Effect of One Aspect of Information Processing Device 100 According
to Embodiment (Part 2)
[0454] As described above, the information processing device 100
(one example of the learning apparatus) according to the embodiment
has the second data control unit 134. The second data control unit
134 divides the predetermined learning data used for training the
model to learn their features into a plurality of sets in
chronological order, and controls, for each of the divided sets, so
that the features of the learning data included in the set are
learned by the model by the first training unit 135 in a
predetermined order. In this regard, the second data control unit
134 is a processing unit corresponding to an example of a dividing
unit and a training unit.
[0455] Moreover, according to such an information processing device
100, it is possible to optimize the shuffle buffer size based on
the fact that the accuracy of the model changes depending on the
shuffle buffer size, and possible to divide training data according
to the optimized shuffle buffer size, making it possible to improve
the accuracy of the model.
[0456] Furthermore, for each of sets obtained by division, the
second data control unit 134 controls so as to train the model to
learn, in a random order, the features of the learning data
included in the set.
[0457] According to such an information processing device 100, the
accuracy of the model can be improved.
[0458] Furthermore, in order from a set according to the time
series among the sets obtained by the division, the second data
control unit 134 controls to train the model to learn the features
of the learning data included in the set.
[0459] According to such an information processing device 100, the
tendency of the features of the training data can be calculated
with high accuracy by the learning in order from the old training
data in the time series to the new training data in the time
series, making it possible to improve the accuracy of the
model.
[0460] Furthermore, the second data control unit 134 divides the
predetermined learning data into a set having a number of pieces of
learning data designated by the user.
[0461] According to such an information processing device 100,
after a user verifies how the accuracy of the model changes
depending on the shuffle buffer size, the user can divide the
training data based on a result obtained from this verification.
This makes it possible to improve usability in shuffle buffer size
optimization.
[0462] In addition, the second data control unit 134 divides
predetermined learning data into a plurality of sets so that the
number of pieces of the learning data included in each of the sets
obtained by the division of the predetermined learning data falls
within a range designated by the user.
[0463] According to such an information processing device 100, for
example, when it is difficult to designate an appropriate number,
the user can also designate a range with a good prospect, making it
possible to improve the usability in the shuffle buffer size
optimization.
Effect of One Aspect of Information Processing Device 100 According
to Embodiment (Part 3)
[0464] As described above, the information processing device 100
(an example of the learning apparatus) according to the embodiment
includes the first data control unit 133. The first data control
unit 133 divides predetermined learning data for training the model
to learn features of their data into a plurality of sets in
chronological order, and selects sets to be used for training the
model from among the divided sets.
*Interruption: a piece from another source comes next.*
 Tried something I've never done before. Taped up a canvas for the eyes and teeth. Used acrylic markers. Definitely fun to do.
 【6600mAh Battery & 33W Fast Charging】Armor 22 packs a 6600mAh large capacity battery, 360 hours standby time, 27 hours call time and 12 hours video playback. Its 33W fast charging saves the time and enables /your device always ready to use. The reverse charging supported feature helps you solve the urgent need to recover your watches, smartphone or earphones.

In addition, using the sets from
among the selected sets in order from the set in which the learning
data included is older in time series, the first data control unit
133 controls to train the model to learn the features of the
learning data included in each of the sets by the first training
unit 135. In this regard, the first data control unit 133 is a
processing unit corresponding to an example of a dividing unit, a
selection unit, and a training unit.
[0465] According to such an information processing device 100, the
training data actually used for learning, among the data set, can
be optimized, making it possible to improve the accuracy of the
model.
[0466] Furthermore, the first data control unit 133 divides a
predetermined learning data into a set having a predetermined
number of pieces of learning data.
[0467] According to such an information processing device 100, the
data set can be divided so that each set obtained by the division
includes a predetermined number of pieces of training data, making
it possible to optimize each of the sets including the training
data actually used for learning.
[0468] In addition, the first data control unit 133 randomly
selects sets to be used for training the model from among the
divided sets.
[0469] According to such an information processing device 100, it
is possible to perform unbiased selection as to which set is to be
defined as a set that includes the training data actually used for
learning from among the sets obtained by the division.
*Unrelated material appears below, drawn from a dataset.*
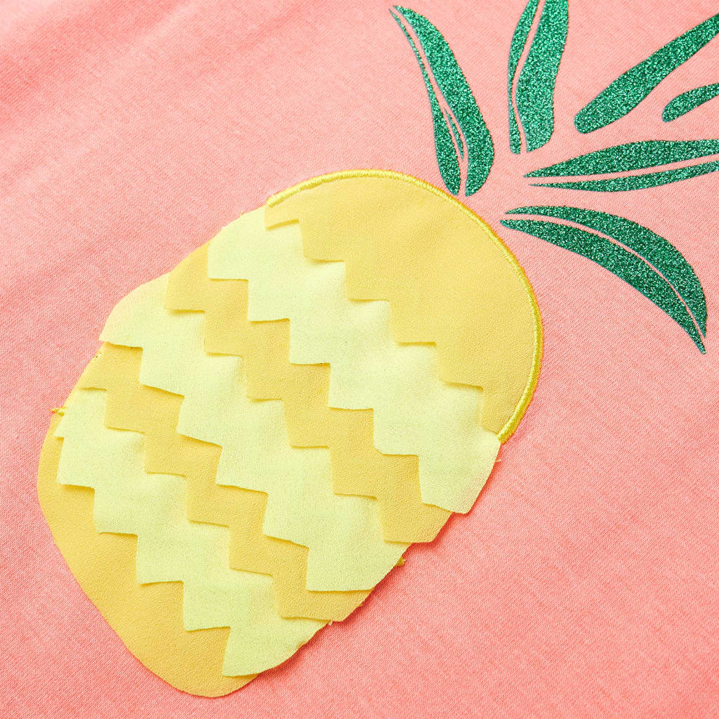 Het mouwloze kindershirt heeft een ronde halslijn en een recht model. Op dit kindershirt staat op de voorkant een ananas afgebeeld. Het kindershirt is gemaakt van katoen, polyester en elastaan, waardoor het zacht en comfortabel aanvoelt.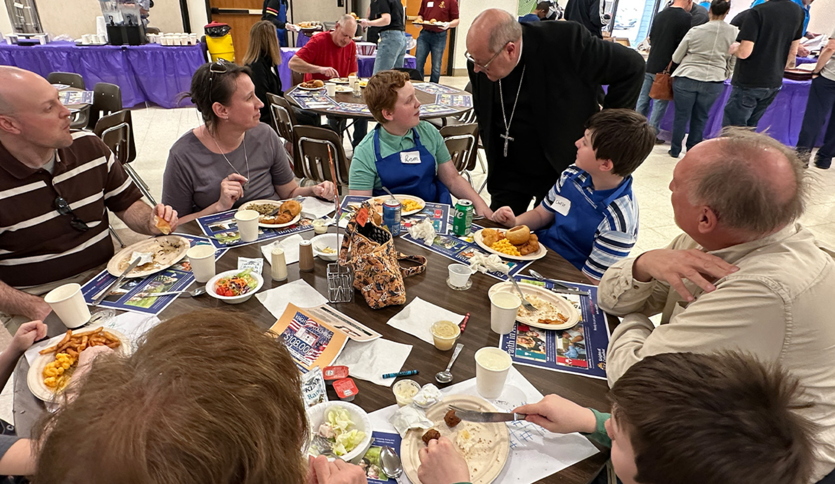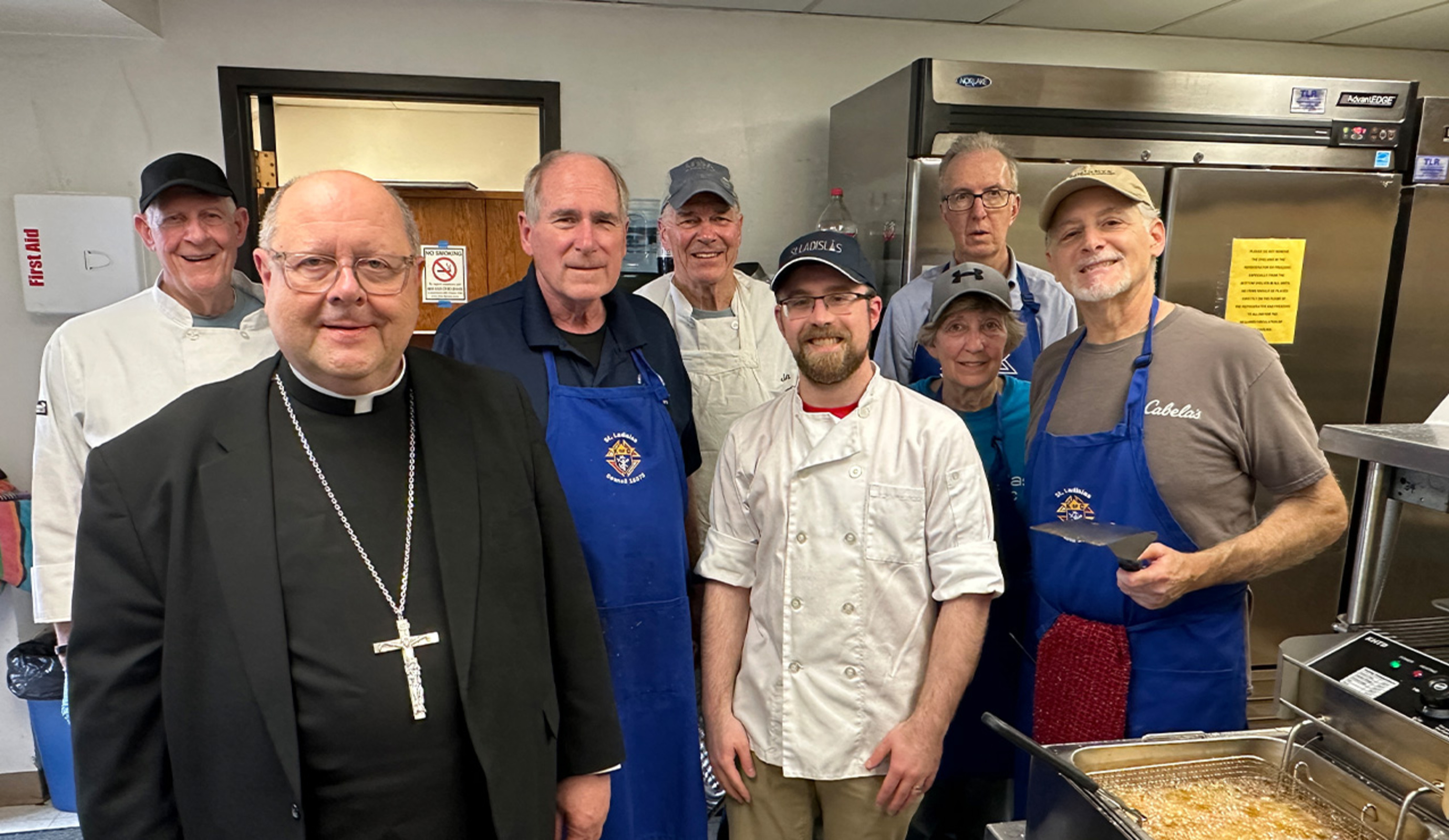 Bishop Edward Malesic resumed his longtime Lenten tradition on March 14 as he visited St. Ladislas Parish in Westlake for a fish fry presented by the Knights of Columbus Council 16373.

[0470] In addition, the first data control unit 133 selects sets in
which the learning data included is newer in time series, from
among the divided sets.
[0471] According to such an information processing device 100, it
is possible to control to achieve learning of the features of the
more recent training data, leading to improvement of the accuracy
of the model.
[0472] Furthermore, the first data control unit 133 selects a
number of sets designated by the user from among the divided
sets.
[0473] According to such an information processing device 100, it
is possible to improve the usability when dividing a data set.
[0474] For example, the first data control unit 133 selects, in
chronological order, the sets in which the learning data included
is newer in time series, from among the divided sets until the
number of the selected sets reaches a number designated by the
user.
[0475] According to such an information processing device 100, it
is possible to achieve the learning of the features of the training
data so as to improve the accuracy of the model to the maximum in
the training data designated by the user.
Effect of One Aspect of Information Processing Device 100 According
to Embodiment (Part 4)
[0476] As described above, the information processing device 100
(an example of the classification apparatus) according to the
embodiment includes the first training unit 135 (may be the second
training unit 137), the attribute selection unit 139, and the
providing unit 138. The first training unit 135 trains the model to
learn the features of the learning data having a plurality of
attributes. The attribute selection unit 139 selects a target
attribute which is the attribute as non-input target data, that is,
which of the data having a certain attribute is not to be input to
the model, among the input candidate data that has a possibility of
being input to the model trained by the first training unit 135.
The providing unit 138 provides information indicating attributes
other than the target attribute selected by the attribute selection
unit 139, and a model.
[0477] According to such an information processing device 100, a
user can recognize that, when the user desires to use a trained
model, data having a specific attribute needs to be masked and the
remaining data is only required to be input instead of inputting
all the data of the testing data prepared. In addition, as a
result, the user can obtain a more proper output result than when
all the testing data is used. In this regard, the information
processing device 100 will be able to support the user to obtain a
more proper result by using a trained model.
[0478] Furthermore, the attribute selection unit 139 selects a
combination of target attributes.
[0479] According to such an information processing device 100, the
accuracy of the model for all possible combinations of the target
attribute is measured and the accuracy of the model can be compared
between the combinations. This makes it possible to judge with high
accuracy which training data corresponding to which combination
should not be input to the model in order to obtain the highest
accuracy.
[0480] Furthermore, the attribute selection unit 139 measures the
accuracy of the model when inputting learning data having
attributes other than the target attribute among the candidates of
the combination of the target attributes into the model for each of
the candidates and selects a combination of target attributes from
the candidates based on the measurement result.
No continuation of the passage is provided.